It is my belief that, until they are sexually mature, the young remain in company with their parents as part of the family group—the pod. Unhappily, it is during this youthful period of relative inexperience that they are most vulnerable to the whalers, and catch records show that at least half the fin whales killed in recent years never even had a chance to mate and so help perpetuate their kind. Today, as we hunt them toward extinction, the family pods are almost always small; however, records from earlier whaling days show that fin families often numbered as many as eight individuals.

  We know nothing about their courtship or even how the young whales find their mates; but we can guess that both events used to take place during the periodic assemblies when all the families which occupied a given portion of the ocean came together for a while. Tales of such concentrations are common in the old records although none have been reported in North Atlantic waters during the past forty years.

  Today the few remaining fin whale families are so widely scattered that a young finner may have to wait many years before encountering a potential mate. This is the more deeply tragic because finners seem to be strictly monogamous. There is nothing to indicate that a sexually mature daughter ever produces young while she remains in the family pod, or that a widowed female will mate again except with an unattached male. Polygamy, which is the rule among sperm whales, has helped that nation to partly hold its own against our depredations. But the practice of monogamy among the finners may prove to be a luxury their decimated species cannot afford.

  The love-making of the fin may always remain a secret, and I for one will not regret it; let them keep their tender intimacies well hidden. However, this we do know: the bonds between a mated pair are of legendary tenacity; and if this be not love, then love is nothing. Whalers have long been aware of this, and have bloodily profited from the knowledge. They knew that if they could harpoon the female in a pod, her mate would remain by her, so completely reckless of the risk that he all too often joined her in death.

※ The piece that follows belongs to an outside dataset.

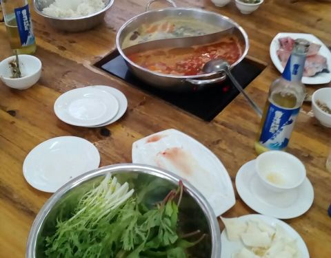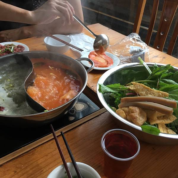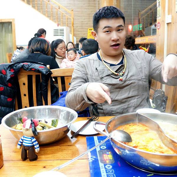 下了山饿了就冲着这家店去吃,比较出名。 坐公车的时候要多留意路,会经过农行,会过一座桥。就在那座桥反过来看,左边有个亭子,往右走,一直走留意右边,看到X家乐超市,就往那路走,再右拐走就看到了。 我们要了鸳鸯锅,蘸酱加了酸汤不错。这酸汤也是相当不错的,相当开胃,又酸又辣,越煮越酸哈哈我是很喜欢的,喝了两三碗。那里青菜是算5块钱一个人,肉的话大盘20小盘10.吃来吃去94块钱的食物我们就饱了,最后还直接讲价讲到90,这样人均30超实惠的!推荐各位。
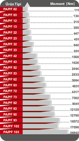PA/PF 02 ‘den 52‘ye kadar 2 kademeli redüktörlerimiz mevcuttur. PA/PF 02‘den PA/PF 52‘ye kadar olan 2 kademeli redüktörlerimiz daha yüksek tahvil oranlarında gövde dayanımını arttırarak 3 kademeli olarak üretilebilmektedir. Bu 3 kademeli redüktörler PA/PF 03 PA/PF 53 adı altında dizayn edilmiştir.

  The reverse is not always true. A female will abandon her endangered mate if she is pregnant or has a calf in tow. However, if she is not driven by the need to protect the next generation, she too will often remain with a dying mate until the bombs explode deep in her own vitals.

  I knew one old Scots gunner who in his day had killed more than two thousand whales but who had never overcome his revulsion at striking a female of the rorqual tribe.

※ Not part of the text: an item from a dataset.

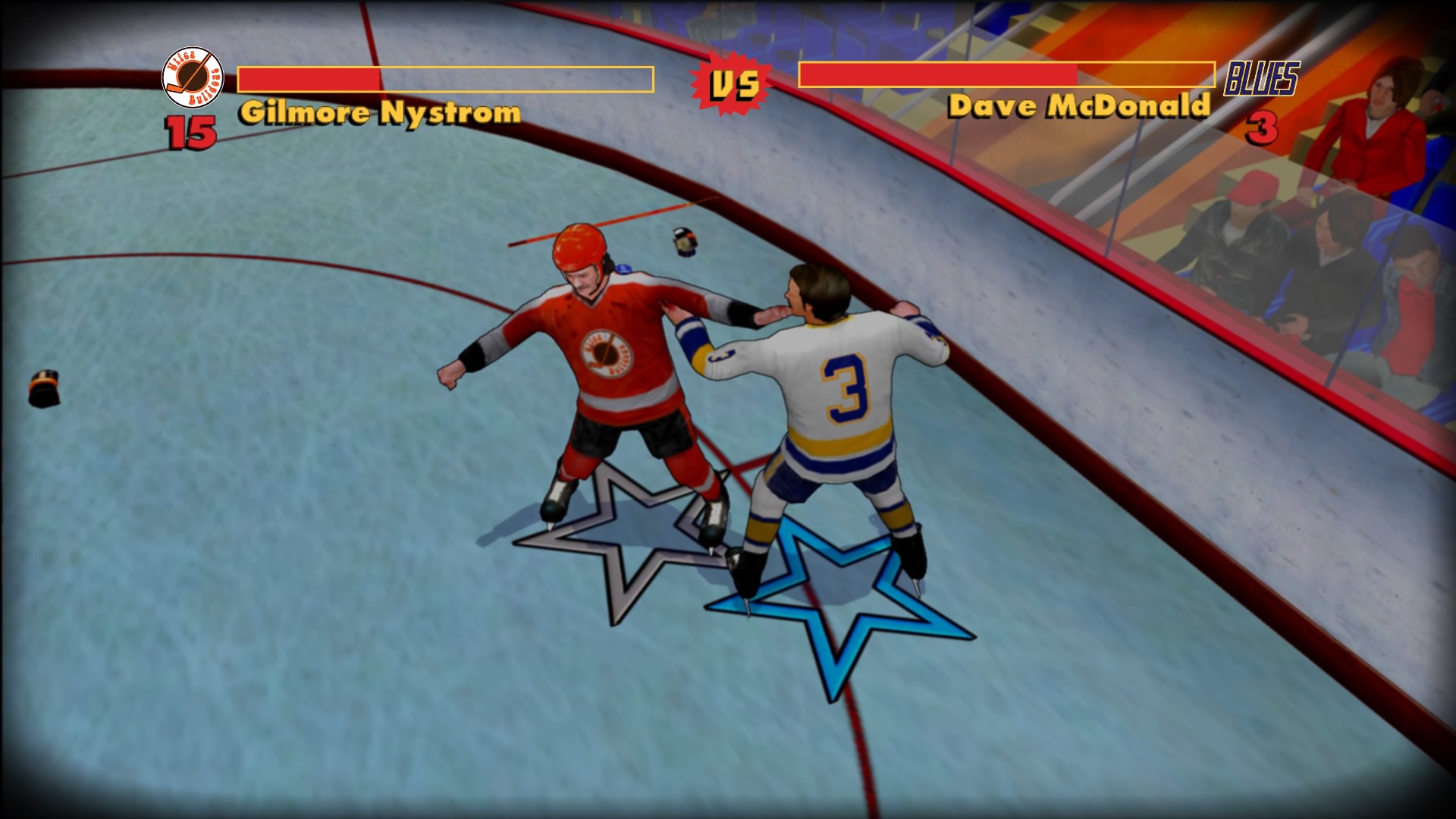 Le problème c’est qu’en général Old Times Hockey proposait de bonnes idées en matière de jouabilité malgré ses gros défauts mentionnés dans le paragraphe précédent. Pour ajouter à cette ambiance arcade, les développeurs ont ajouté des éléments tels que la rondelle de feu qui vous donne rapidité et force de tir, mais aussi la possibilité d’effectuer d’énormes mises en échec y compris sur les arbitres. Cependant, ces ajouts ne sont pas en nombre suffisant pour faire oublier tous les défauts.

  “We never wanted to know too much about them,” he explained. “It was too much like murder as it was. I think if I’d had the Celtic gift of ‘sight’ and could have looked into the minds of those beasts, I’d have had to give up the sea and go ashore for good. There’re times when too much knowledge can stand in a man’s way.”

  THE DISASTROUS EVENTS of Sunday, coupled into the bargain with the discovery that the whale was a female who might very well be pregnant, made it even more urgent that I obtain help. I decided I would have to follow through on my earlier decision and at ten o’clock on Monday I sent the following telegram to the Canadian Press head office in Toronto:

  SEVENTY-FOOT WHALE WEIGHING ABOUT EIGHTY TONS TRAPPED LARGE SALTWATER POND BURGEO SINCE JANUARY 21 STOP POND FORMS NATURAL AQUARIUM HALF BY HALF MILE DIMENSIONS ALLOWING WHALE CONSIDERABLE FREEDOM MOVEMENT STOP DURING FIRST FIVE DAYS LOCAL SPORTS USED WHALE AS TARGET HIGH-POWERED RIFLES AND STILL CONTINUE HARASSMENT WITH SPEEDBOATS STOP HAVE PREVAILED RCMP HALT SHOOTING BUT FEARFUL OTHER DANGERS STOP THIS IS FIRST GREAT WHALE EVER REPORTED SIMILAR CIRCUMSTANCES PROVIDING ABSOLUTELY UNEQUALLED POSSIBILITIES FOR STUDY BUT URGENTLY REQUIRE ASSISTANCE PROTECT ANIMAL AND ORGANIZE FEEDING PROGRAM STOP WHALE RAPIDLY LOSING WEIGHT OTHERWISE APPEARS GOOD CONDITION IS TOLERANT HUMAN BEINGS DESPITE PERSECUTION STOP FOR FURTHER DETAILS PHONE ME BURGEO.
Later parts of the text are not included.